While not a part of the BunaB line, Snav also produced the Post Meridian Morning (PMM) Shield. This black half-disc could be attached to the left side of a clock dial to obscure the morning hours. Snav also marketed the "Exigency Conversion Apparatus" (ECA), a plastic bag containing labels "MEN" and "WOMEN", allowing instant conversion of any room to a restroom. The C-K Key, made of Snav-Metal, opened all models of chastity belt. Delinquent accounts were referred to a Snav subsidiary, the Octopus Collection Agency.

==Media coverage==
Crowder appeared four times on The Garry Moore Show to discuss the BunaB #7, introducing the BunaB #5 on the show in the fall of 1957. In April 1958 Crowder was the subject of a Playboy profile entitled "The Little World of Orville K. Snav." In the Bullwinkle cartoon series, Bullwinkle read poetry from a music stand holding the "BunaB Anthem", first aired in September 1961. Jay Ward, the producer of Bullwinkle, awarded Snav a "Certificate of Exceptional Adequacy".

==Notable BunaB owners==
Television host Dave Garroway gave away BunaB #7s to test recipients' sense of humor.
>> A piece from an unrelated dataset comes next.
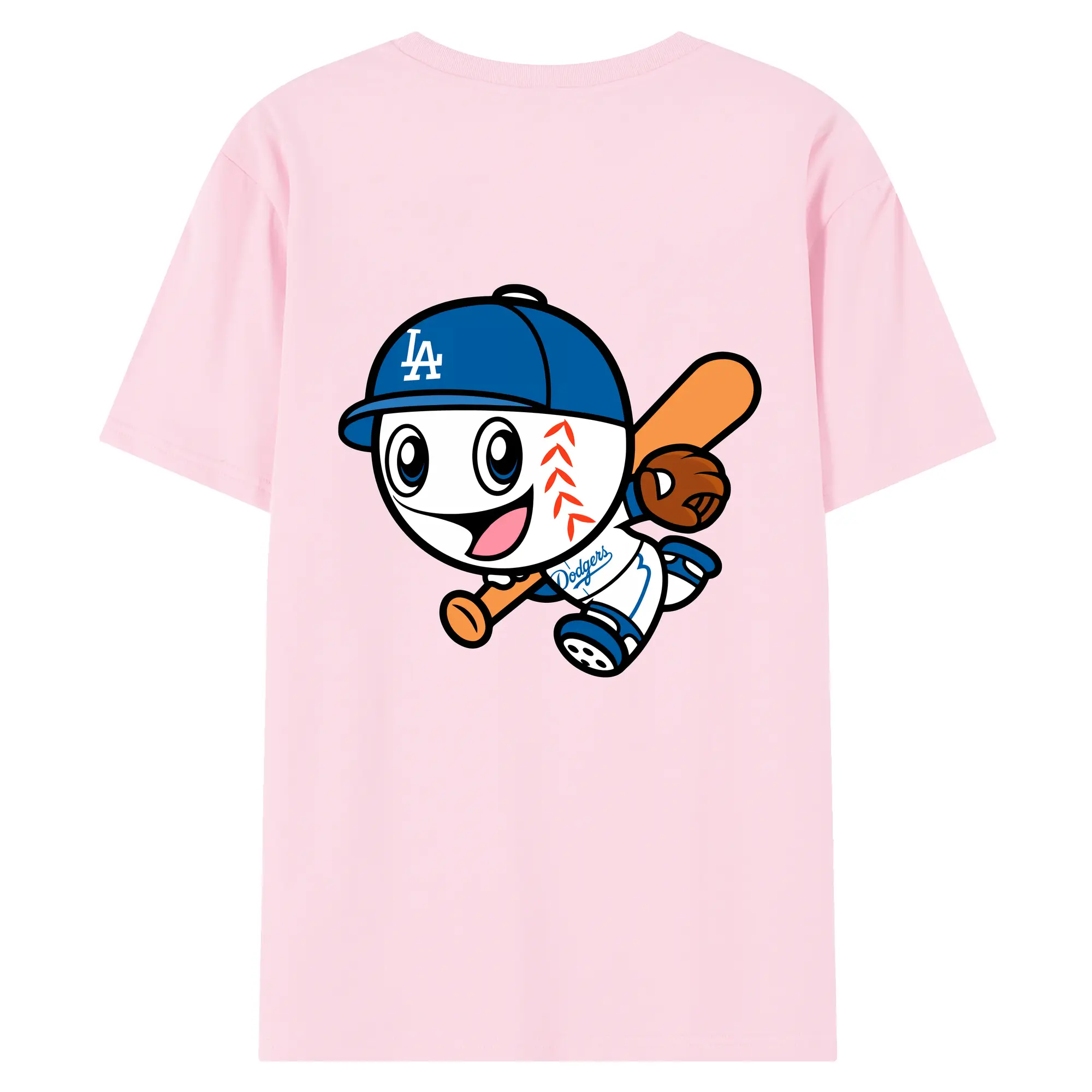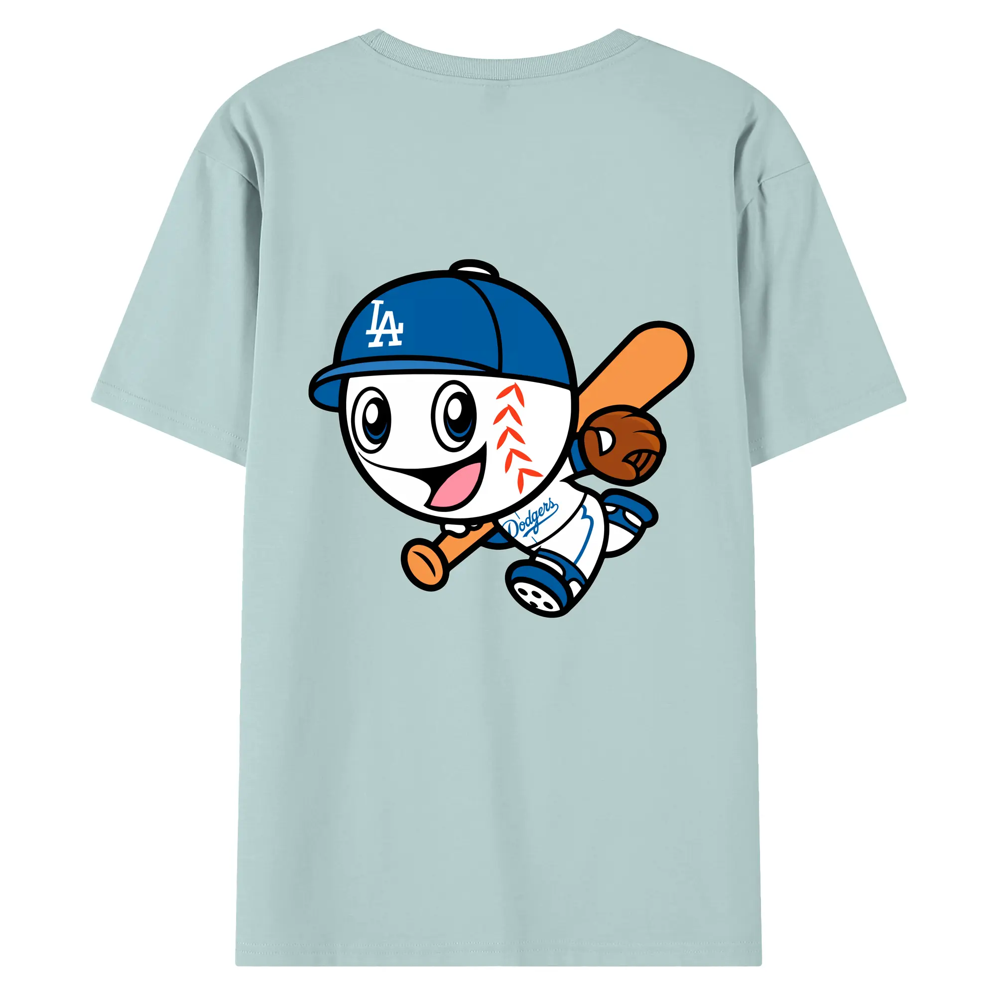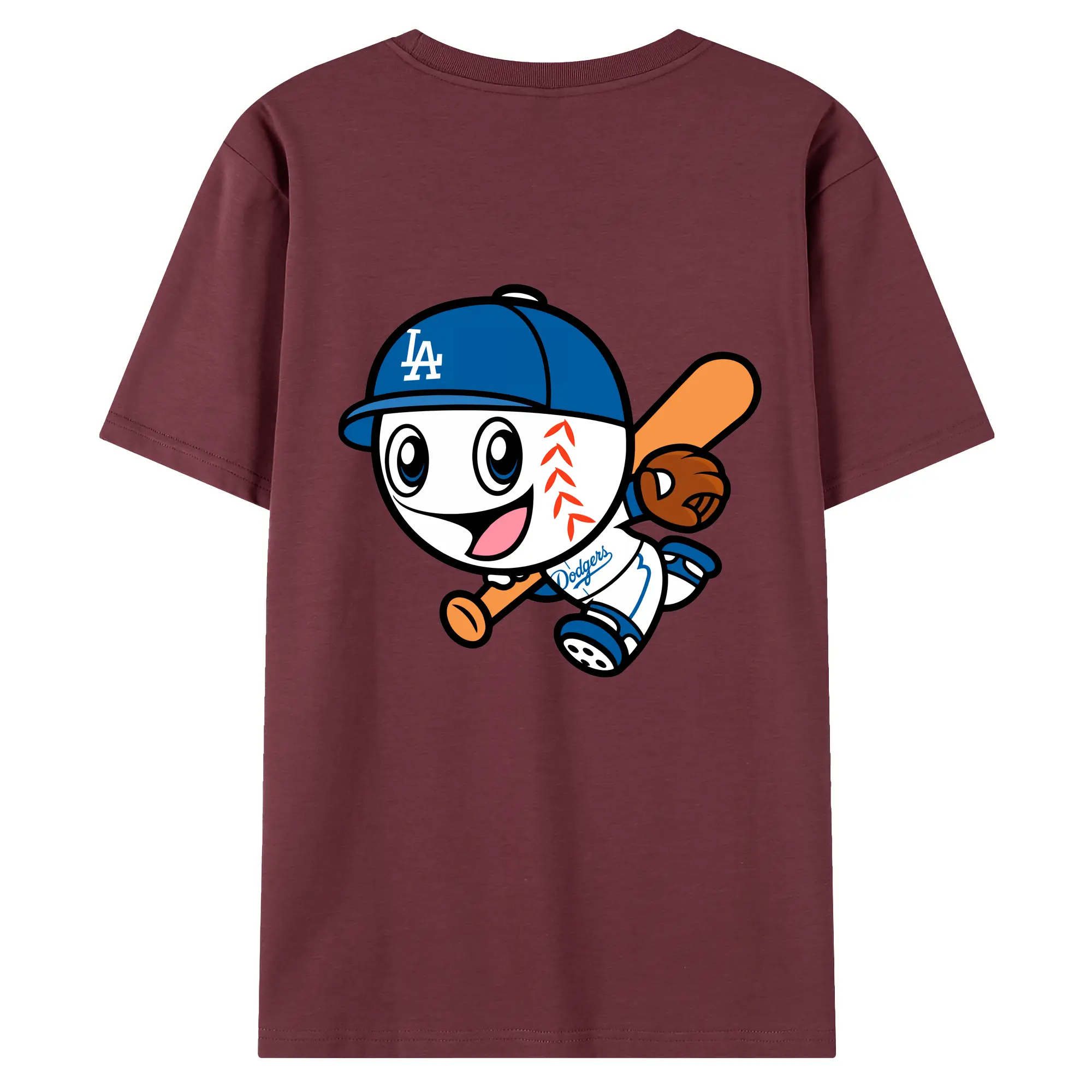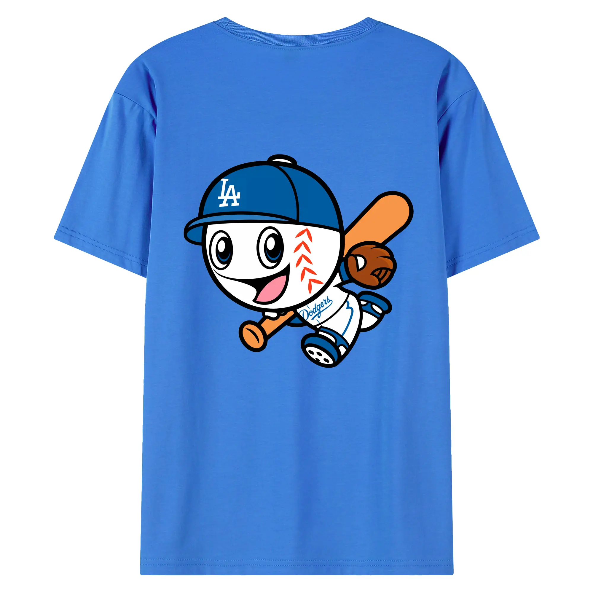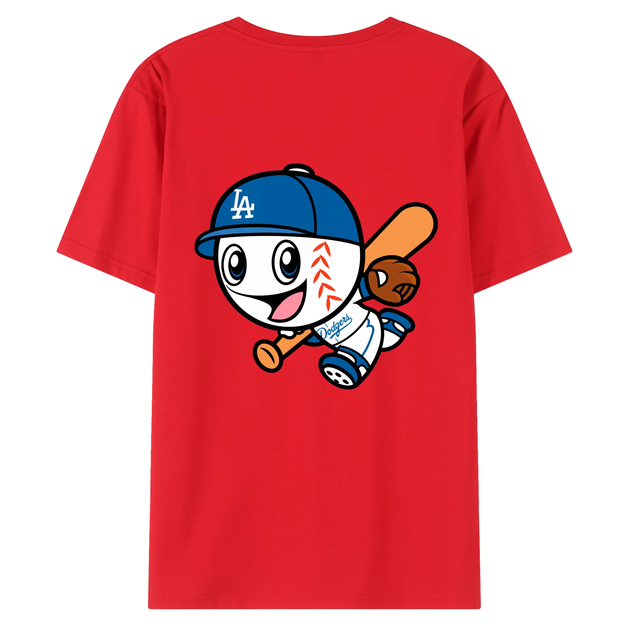 Cute Mr Dodger Running Play Baseball - 180g Combed Cotton T-Shirt With Back Heat Transfer Print – Soft, Lightweight, Fitted Design – Stylish Casual Wear For Sports & Everyday Use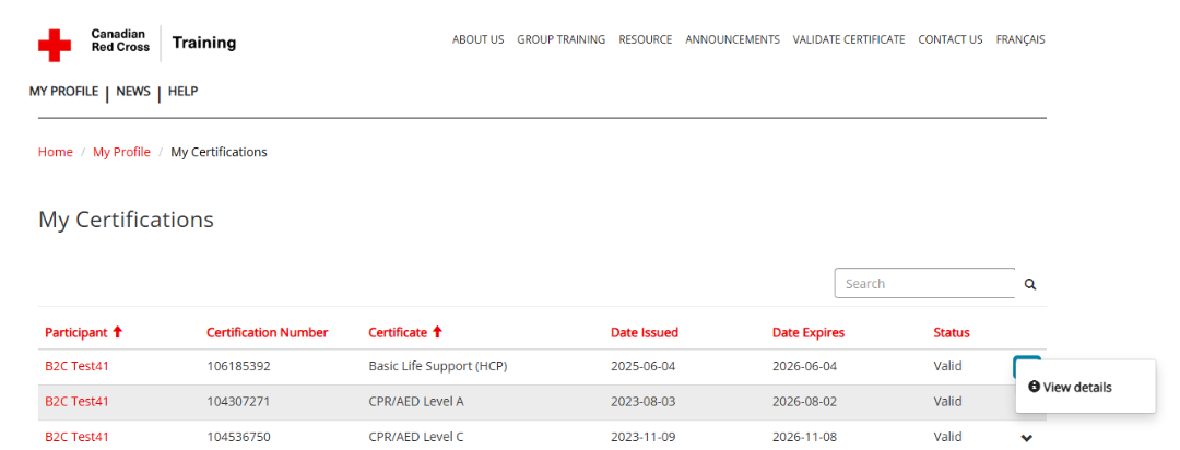 If you have taken a Canadian Red Cross online course your certificates of completion are available through the Canadian Red Cross Learning Campus or within your My Red Cross Profile.

The BunaB he gave to Jimmy Carter was returned. H.R. Haldeman bought one for Richard Nixon. There is no record of whether Nixon found it funny. All of the Mercury 7 astronauts had BunaBs. Other "Assistants to the President" included Groucho Marx, Hugh Downs, Jerry Lewis, Helen Hayes, Barry Goldwater (who termed it "Absolutely irreplaceable. Use it constantly"), Cary Grant, Myrna Loy ("Absolutely indespensible [sic]!") and Hugh Hefner.

==As conceptual art==
The BunaB line of products has been cited as an early form of conceptual art, as described in the 2001 Dictionary of the Avant-Gardes. BunaBs #3 and #5 are in particular cited as examples of praecisio, defined as the act of making a point through silence.